**DATA SECTION**

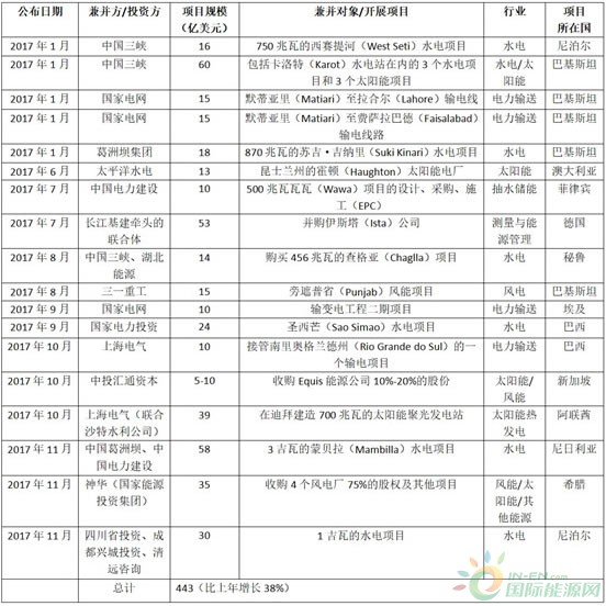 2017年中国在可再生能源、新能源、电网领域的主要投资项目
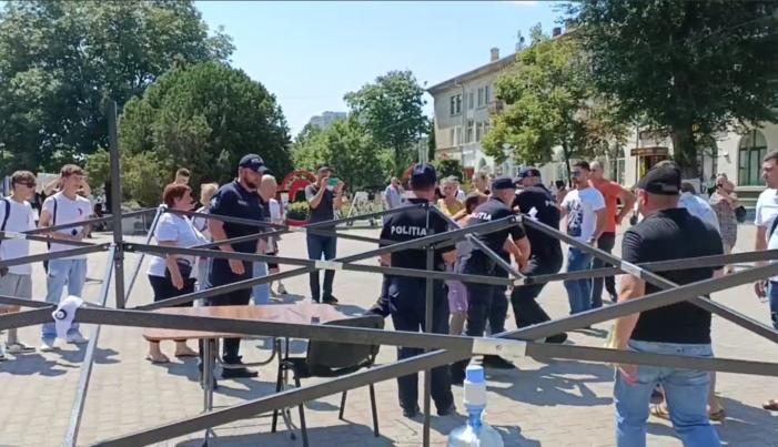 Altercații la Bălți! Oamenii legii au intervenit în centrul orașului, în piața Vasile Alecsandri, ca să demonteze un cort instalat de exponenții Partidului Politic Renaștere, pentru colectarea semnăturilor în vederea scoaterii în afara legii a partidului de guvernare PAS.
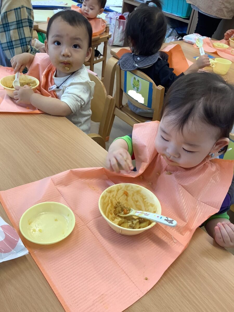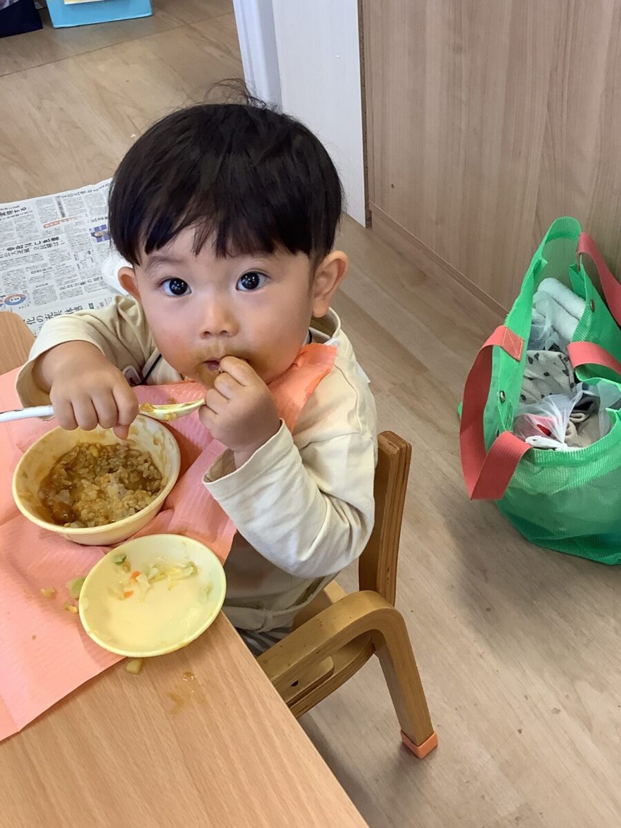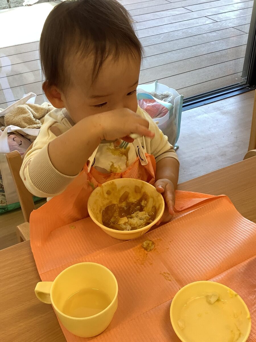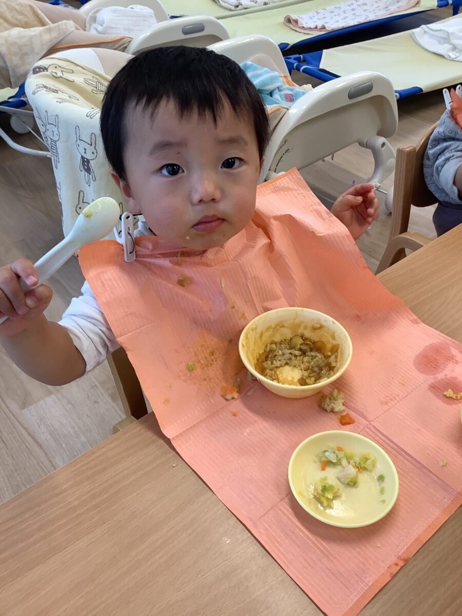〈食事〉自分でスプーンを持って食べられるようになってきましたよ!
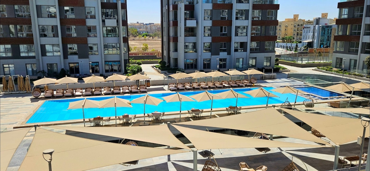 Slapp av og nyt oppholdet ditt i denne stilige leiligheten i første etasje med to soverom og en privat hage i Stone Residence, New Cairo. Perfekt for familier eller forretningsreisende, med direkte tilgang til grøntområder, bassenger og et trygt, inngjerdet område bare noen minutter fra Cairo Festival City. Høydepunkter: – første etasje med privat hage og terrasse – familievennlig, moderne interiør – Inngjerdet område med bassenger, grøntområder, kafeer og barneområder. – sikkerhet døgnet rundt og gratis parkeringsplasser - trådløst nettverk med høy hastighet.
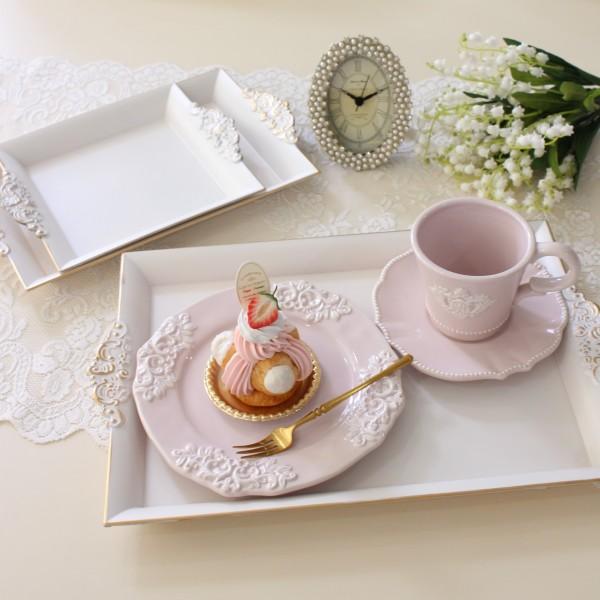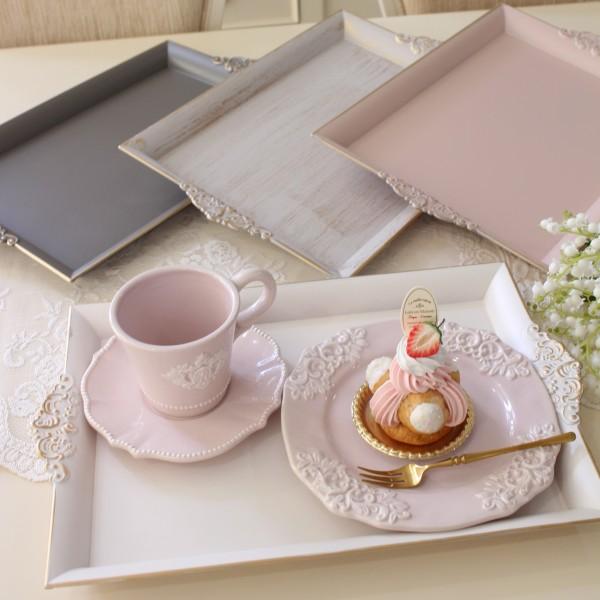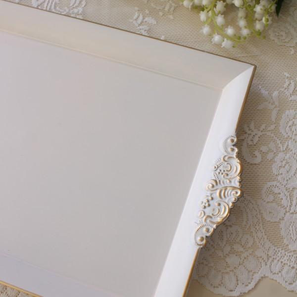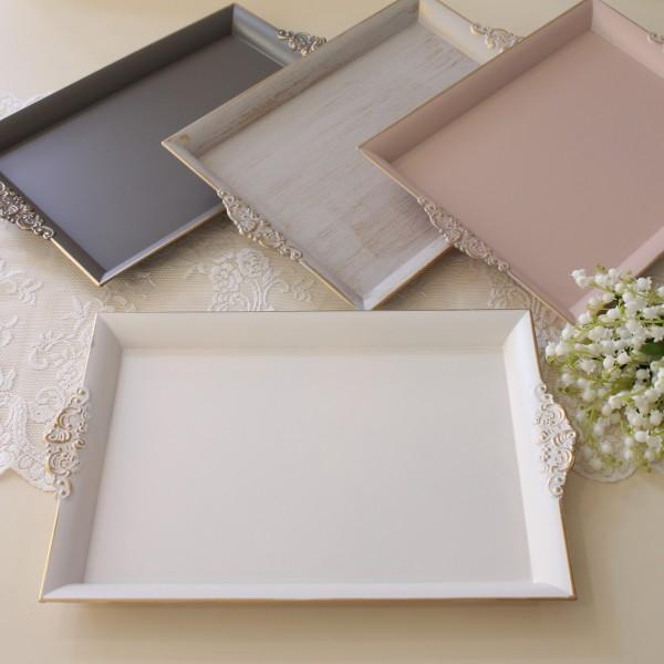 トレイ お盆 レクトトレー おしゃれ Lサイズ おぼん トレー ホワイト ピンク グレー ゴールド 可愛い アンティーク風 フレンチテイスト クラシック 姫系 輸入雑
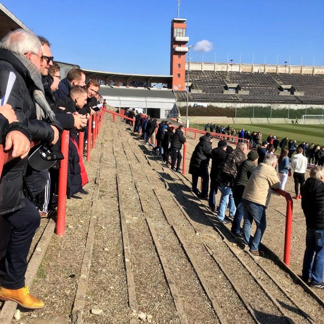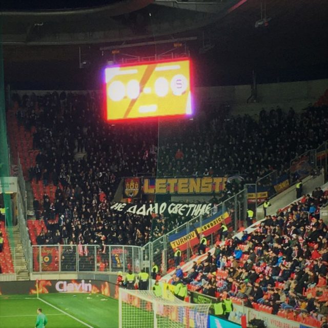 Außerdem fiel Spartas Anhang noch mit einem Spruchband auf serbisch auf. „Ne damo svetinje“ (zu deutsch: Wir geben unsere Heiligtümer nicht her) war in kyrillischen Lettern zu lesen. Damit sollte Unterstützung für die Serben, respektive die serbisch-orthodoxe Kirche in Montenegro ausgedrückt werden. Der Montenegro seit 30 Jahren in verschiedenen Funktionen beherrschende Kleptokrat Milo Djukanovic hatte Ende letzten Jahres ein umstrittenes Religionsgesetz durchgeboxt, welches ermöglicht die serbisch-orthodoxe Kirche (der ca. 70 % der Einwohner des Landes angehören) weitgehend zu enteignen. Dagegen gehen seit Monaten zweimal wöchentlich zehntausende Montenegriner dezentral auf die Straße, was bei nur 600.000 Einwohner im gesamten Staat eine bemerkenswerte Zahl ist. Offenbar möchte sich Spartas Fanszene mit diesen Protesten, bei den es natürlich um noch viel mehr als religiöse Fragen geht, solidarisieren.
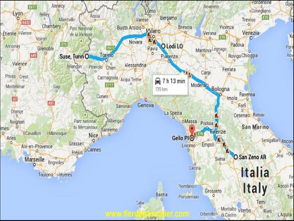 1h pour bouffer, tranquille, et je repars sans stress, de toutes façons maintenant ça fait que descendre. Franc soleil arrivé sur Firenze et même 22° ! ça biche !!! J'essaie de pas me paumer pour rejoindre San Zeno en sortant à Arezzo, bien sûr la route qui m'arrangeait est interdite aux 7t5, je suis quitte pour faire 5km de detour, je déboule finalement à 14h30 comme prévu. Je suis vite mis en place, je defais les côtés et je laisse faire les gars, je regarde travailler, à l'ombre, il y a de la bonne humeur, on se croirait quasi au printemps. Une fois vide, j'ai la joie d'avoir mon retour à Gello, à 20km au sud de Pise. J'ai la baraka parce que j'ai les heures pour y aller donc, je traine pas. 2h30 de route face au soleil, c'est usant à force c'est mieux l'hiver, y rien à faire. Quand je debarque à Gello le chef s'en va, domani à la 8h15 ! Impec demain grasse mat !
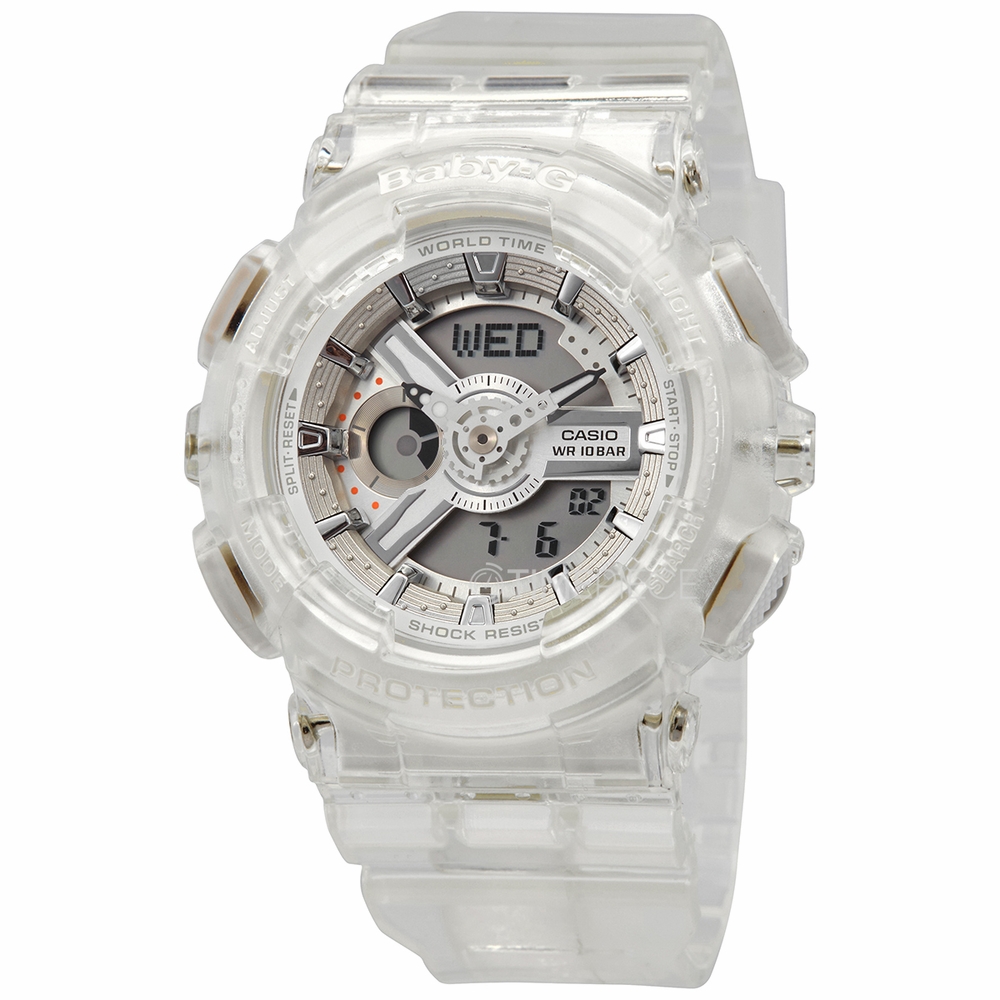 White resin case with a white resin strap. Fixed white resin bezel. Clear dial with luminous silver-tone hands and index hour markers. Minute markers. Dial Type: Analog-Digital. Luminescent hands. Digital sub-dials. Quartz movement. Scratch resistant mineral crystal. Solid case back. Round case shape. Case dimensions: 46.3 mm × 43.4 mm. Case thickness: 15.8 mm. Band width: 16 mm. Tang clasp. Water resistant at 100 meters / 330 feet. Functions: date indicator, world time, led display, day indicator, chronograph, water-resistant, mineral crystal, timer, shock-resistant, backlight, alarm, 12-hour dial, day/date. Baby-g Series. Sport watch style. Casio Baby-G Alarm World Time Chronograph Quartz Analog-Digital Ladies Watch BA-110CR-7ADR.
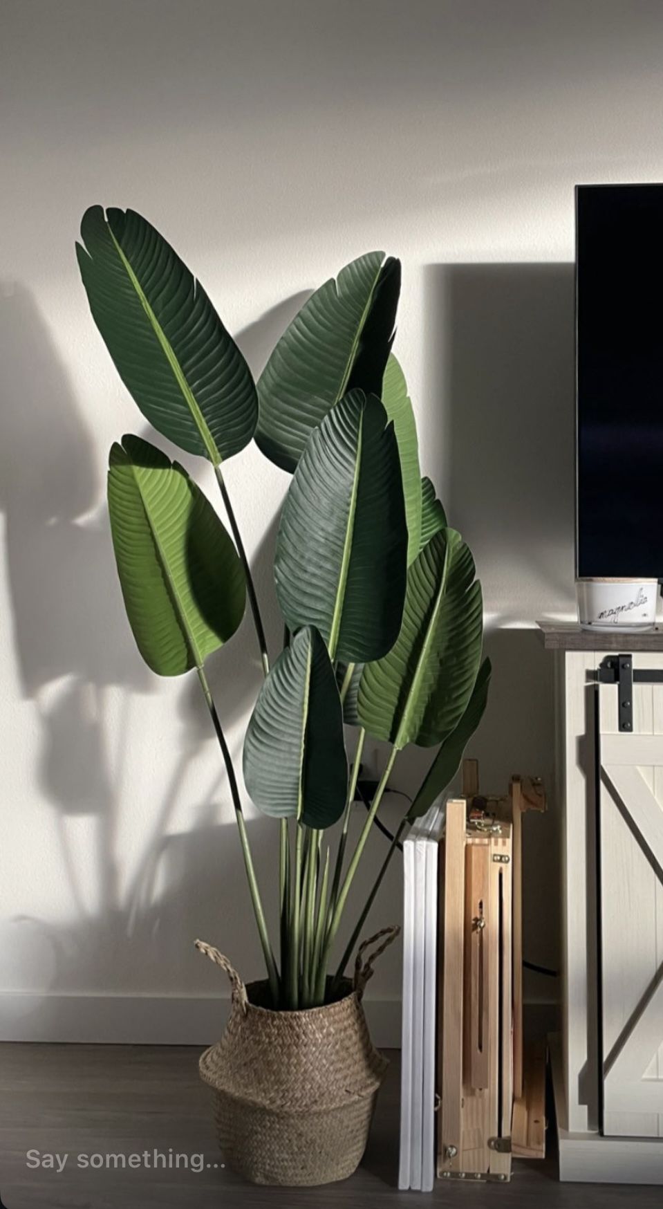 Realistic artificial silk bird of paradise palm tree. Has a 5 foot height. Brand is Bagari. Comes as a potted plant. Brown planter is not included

**REQUIREMENT**
All of the entries must be reproduced exactly, apart from the pictures, which are to be dropped.

**OUTPUT**
 2017年中国在可再生能源、新能源、电网领域的主要投资项目
 Altercații la Bălți! Oamenii legii au intervenit în centrul orașului, în piața Vasile Alecsandri, ca să demonteze un cort instalat de exponenții Partidului Politic Renaștere, pentru colectarea semnăturilor în vederea scoaterii în afara legii a partidului de guvernare PAS.
〈食事〉自分でスプーンを持って食べられるようになってきましたよ!
 Slapp av og nyt oppholdet ditt i denne stilige leiligheten i første etasje med to soverom og en privat hage i Stone Residence, New Cairo. Perfekt for familier eller forretningsreisende, med direkte tilgang til grøntområder, bassenger og et trygt, inngjerdet område bare noen minutter fra Cairo Festival City. Høydepunkter: – første etasje med privat hage og terrasse – familievennlig, moderne interiør – Inngjerdet område med bassenger, grøntområder, kafeer og barneområder. – sikkerhet døgnet rundt og gratis parkeringsplasser - trådløst nettverk med høy hastighet.
 トレイ お盆 レクトトレー おしゃれ Lサイズ おぼん トレー ホワイト ピンク グレー ゴールド 可愛い アンティーク風 フレンチテイスト クラシック 姫系 輸入雑
 Außerdem fiel Spartas Anhang noch mit einem Spruchband auf serbisch auf. „Ne damo svetinje“ (zu deutsch: Wir geben unsere Heiligtümer nicht her) war in kyrillischen Lettern zu lesen. Damit sollte Unterstützung für die Serben, respektive die serbisch-orthodoxe Kirche in Montenegro ausgedrückt werden. Der Montenegro seit 30 Jahren in verschiedenen Funktionen beherrschende Kleptokrat Milo Djukanovic hatte Ende letzten Jahres ein umstrittenes Religionsgesetz durchgeboxt, welches ermöglicht die serbisch-orthodoxe Kirche (der ca. 70 % der Einwohner des Landes angehören) weitgehend zu enteignen. Dagegen gehen seit Monaten zweimal wöchentlich zehntausende Montenegriner dezentral auf die Straße, was bei nur 600.000 Einwohner im gesamten Staat eine bemerkenswerte Zahl ist. Offenbar möchte sich Spartas Fanszene mit diesen Protesten, bei den es natürlich um noch viel mehr als religiöse Fragen geht, solidarisieren.
 1h pour bouffer, tranquille, et je repars sans stress, de toutes façons maintenant ça fait que descendre. Franc soleil arrivé sur Firenze et même 22° ! ça biche !!! J'essaie de pas me paumer pour rejoindre San Zeno en sortant à Arezzo, bien sûr la route qui m'arrangeait est interdite aux 7t5, je suis quitte pour faire 5km de detour, je déboule finalement à 14h30 comme prévu. Je suis vite mis en place, je defais les côtés et je laisse faire les gars, je regarde travailler, à l'ombre, il y a de la bonne humeur, on se croirait quasi au printemps. Une fois vide, j'ai la joie d'avoir mon retour à Gello, à 20km au sud de Pise. J'ai la baraka parce que j'ai les heures pour y aller donc, je traine pas. 2h30 de route face au soleil, c'est usant à force c'est mieux l'hiver, y rien à faire. Quand je debarque à Gello le chef s'en va, domani à la 8h15 ! Impec demain grasse mat !
 White resin case with a white resin strap. Fixed white resin bezel. Clear dial with luminous silver-tone hands and index hour markers. Minute markers. Dial Type: Analog-Digital. Luminescent hands. Digital sub-dials. Quartz movement. Scratch resistant mineral crystal. Solid case back. Round case shape. Case dimensions: 46.3 mm × 43.4 mm. Case thickness: 15.8 mm. Band width: 16 mm. Tang clasp. Water resistant at 100 meters / 330 feet. Functions: date indicator, world time, led display, day indicator, chronograph, water-resistant, mineral crystal, timer, shock-resistant, backlight, alarm, 12-hour dial, day/date. Baby-g Series. Sport watch style. Casio Baby-G Alarm World Time Chronograph Quartz Analog-Digital Ladies Watch BA-110CR-7ADR.
 Realistic artificial silk bird of paradise palm tree. Has a 5 foot height. Brand is Bagari. Comes as a potted plant. Brown planter is not included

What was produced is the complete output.